• **Records supplied**
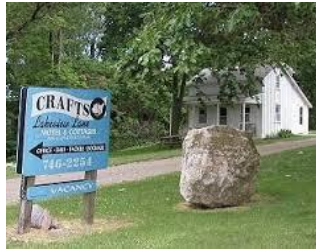
Crafts Lakeview Lane cottages, motel & bait shop Email: KelleysIsland@cros.net http://www.kelleysisland.com/properties/crafts-lakeview-lane/
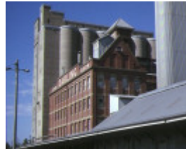
john darling & son flour mill albion silos
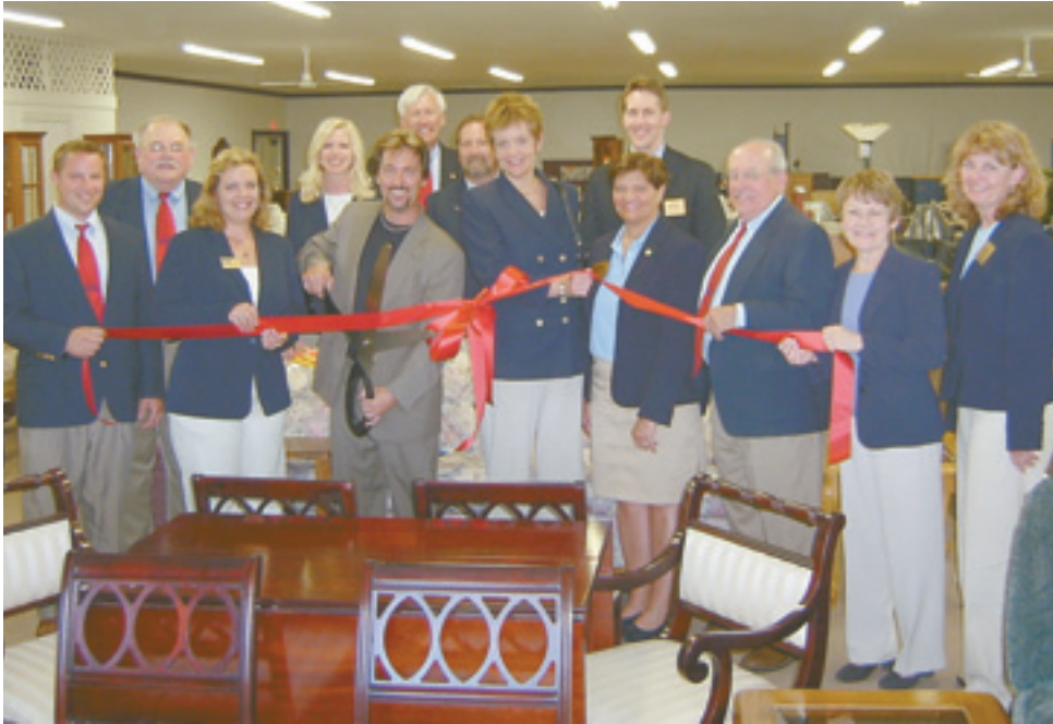
On June 19, the Chamber Ambassadors visited J. Wells Furniture Outlet on Iowa Avenue West, near Stalzer Furniture for a ribbon cutting.
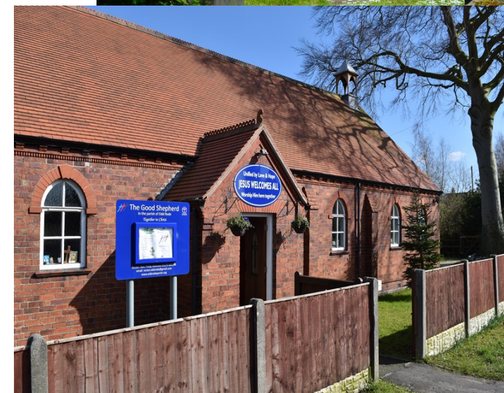
THE GOOD SHEPHERD
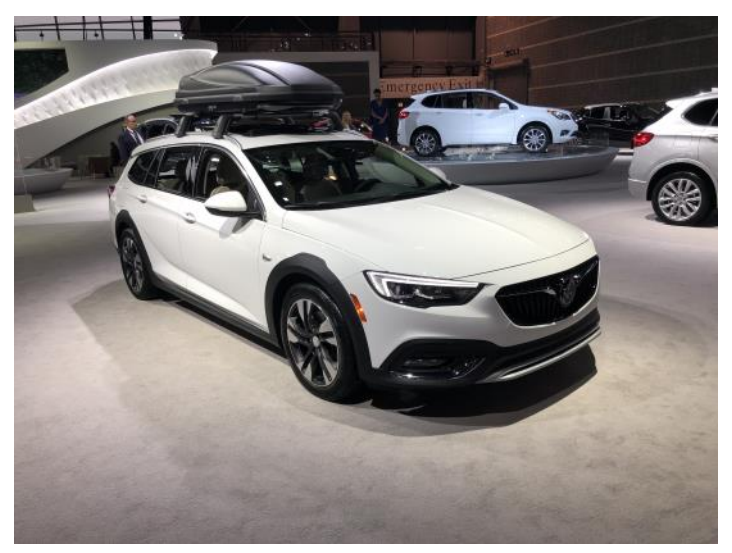
My favorite Buick. The Regal TourX might be a bar gain version of the BMW Sportwagen.

If you want a Buick sedan, you will be buying a Regal in one of a number of configurations. There are no others being produced. Of course Buick SUVs are plentiful, or you could buy the Chevrolet, GMC, or Cadillac versions. Most of the platforms are the same.

• **Your instructions**
If a line of the data holds the string "Buick", count it. Then state the total and nothing more.

• **Result of the exercise**
2